SUPPLIED MATERIAL —
---*---
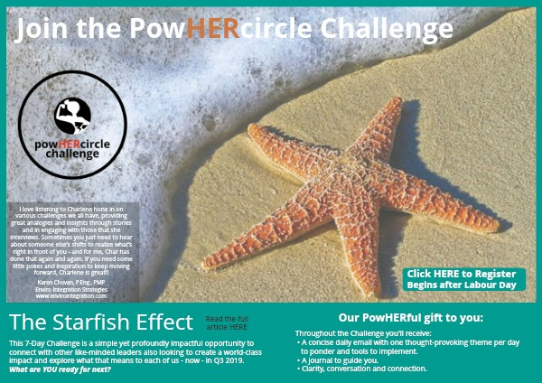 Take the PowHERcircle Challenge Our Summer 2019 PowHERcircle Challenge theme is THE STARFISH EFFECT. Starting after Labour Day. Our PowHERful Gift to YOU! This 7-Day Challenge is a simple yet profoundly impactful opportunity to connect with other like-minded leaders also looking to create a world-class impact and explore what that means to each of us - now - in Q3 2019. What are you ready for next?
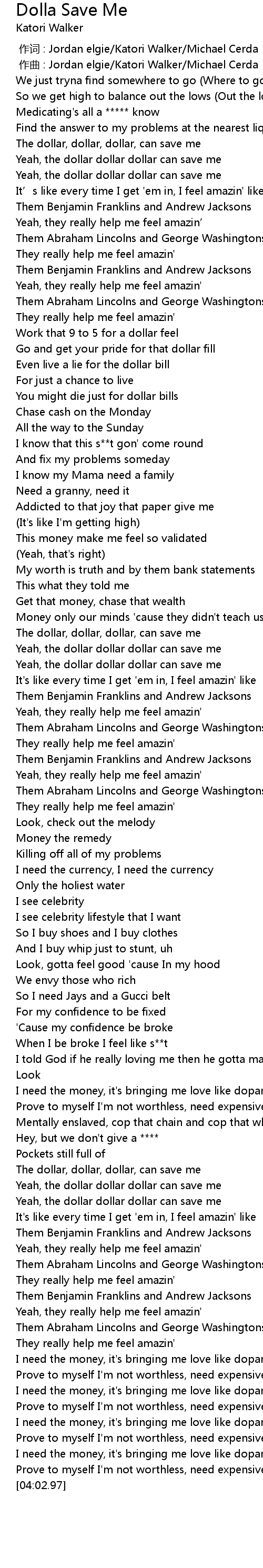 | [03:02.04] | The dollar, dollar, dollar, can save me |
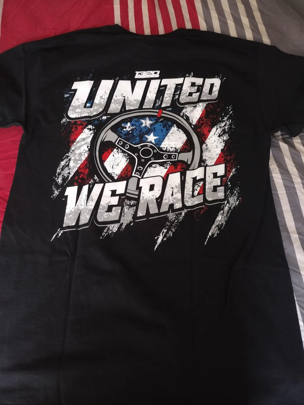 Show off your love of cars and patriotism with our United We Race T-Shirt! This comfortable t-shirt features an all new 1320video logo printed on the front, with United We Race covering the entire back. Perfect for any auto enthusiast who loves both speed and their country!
---*---
Please print the data above once more, exactly as it appears, with no pictures.

ANSWER BELOW —
 Take the PowHERcircle Challenge Our Summer 2019 PowHERcircle Challenge theme is THE STARFISH EFFECT. Starting after Labour Day. Our PowHERful Gift to YOU! This 7-Day Challenge is a simple yet profoundly impactful opportunity to connect with other like-minded leaders also looking to create a world-class impact and explore what that means to each of us - now - in Q3 2019. What are you ready for next?
 | [03:02.04] | The dollar, dollar, dollar, can save me |
 Show off your love of cars and patriotism with our United We Race T-Shirt! This comfortable t-shirt features an all new 1320video logo printed on the front, with United We Race covering the entire back. Perfect for any auto enthusiast who loves both speed and their country!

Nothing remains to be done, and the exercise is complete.